Backbone Effects on Protein Stability and Folding

主链对蛋白质稳定性和折叠的影响

• 批准号: 7031476
• 负责人: PHILIP E DAWSON
• 金额: $ 33.74万
• 依托单位: SCRIPPS RESEARCH INSTITUTE, THE
• 依托单位国家: 美国
• 财政年份: 1999
• 资助国家: 美国
• 起止时间: 1999-05-01 至 2009-11-30
• 项目状态: 已结题
• 来源: https://reporter.nih.gov/project-details/7031476
• 关键词: X ray crystallography; analytical ultracentrifugation; chemical kinetics; chymotrypsin inhibitor; circular dichroism; combinatorial chemistry; fluorescence spectrometry; matrix assisted laser desorption ionization; peptide chemical synthesis; protein engineering; protein folding; protein sequence; protein structure function; stop flow technique; thermodynamics; thermostability

DESCRIPTION (provided by applicant): The broad objective of this research program is to understand the relationship between the molecular structure of a polypeptide chain and its ability to fold into a defined, three-dimensional structure. Most studies on protein folding and stability have focused on the role of amino acid side-chains using site-directed mutagenesis. We propose to diverge from this trend by using the total synthesis of proteins to chemically modify the polypeptide backbone. We believe that systematic variation of the backbone will give insight into the fundamental forces that stabilize proteins and the processes through which they fold. We have demonstrated that alpha-hydroxy acids can be incorporated into proteins in a site-specific manner using peptide synthesis and chemical ligation methods. We have utilized this modification to analyze the energetic contributions of specific hydrogen bonds in the GCN4 coiled coil and, in kinetic studies, the folding transition state of the chymotrypsin inhibitor CI2. These studies indicate that backbone modification provides direct information on the formation of backbone hydrogen bonding in the native state and folding transition state ensemble that is not observed using traditional side chain mutagenesis methods. This proposal aims to answer specific questions regarding the folding transition states of GCN4 and CI2 and to extend these studies to the B1 domain of Protein L and acylphosphatase. These proteins have been selected to take advantage of previous work using site directed mutagenesis to analyze the folding transitions of these proteins. In addition, recent computational analyses of these proteins have made specific predictions about folding that cannot be addressed by traditional experimental mutagenesis strategies. We feel that this use of non-coded modifications such as ester bonds for thermodynamic and kinetic measurements of protein folding will enable new insights into the molecular basis of protein folding and stability and provide data for the continued development of computational approaches to this problem.
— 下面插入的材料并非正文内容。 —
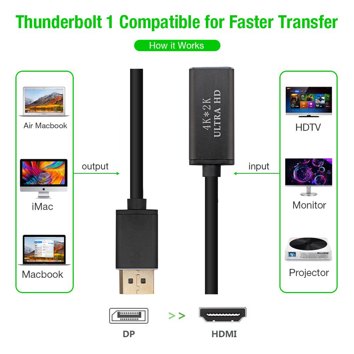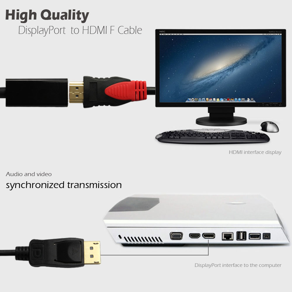- Audio Video Sync: Display port to HDMI adapter cable transmits high-definition video and audio from your computer to an HDTV for video streaming or gaming;

描述（由申请人提供）：本研究计划的主要目标是了解多肽链的分子结构与其折叠成确定的三维结构的能力之间的关系。大多数关于蛋白质折叠和稳定性的研究都集中在使用定点突变的氨基酸侧链的作用上。我们建议偏离这一趋势，通过使用蛋白质的全合成来化学修饰多肽骨架。我们相信，骨架的系统性变化将使我们深入了解稳定蛋白质的基本力量及其折叠过程。我们已经证明，α-羟基酸可以纳入蛋白质的位点特异性的方式使用肽合成和化学连接方法。我们已经利用这种修改来分析GCN 4卷曲螺旋中的特定氢键的能量贡献，并在动力学研究中，胰凝乳蛋白酶抑制剂CI 2的折叠过渡态。这些研究表明，骨架修饰提供了直接的信息，在自然状态和折叠过渡态系综，没有观察到使用传统的侧链诱变方法的骨架氢键的形成。该提案旨在回答有关GCN 4和CI 2折叠过渡态的具体问题，并将这些研究扩展到蛋白L和酰基磷酸酶的B1结构域。这些蛋白质已被选择，以利用以前的工作，使用定点诱变来分析这些蛋白质的折叠转换。此外，最近对这些蛋白质的计算分析已经对传统实验诱变策略无法解决的折叠进行了具体预测。我们认为，这种使用非编码的修改，如酯键的热力学和动力学测量的蛋白质折叠，将使新的见解的分子基础的蛋白质折叠和稳定性，并提供数据，为继续发展的计算方法来解决这个问题。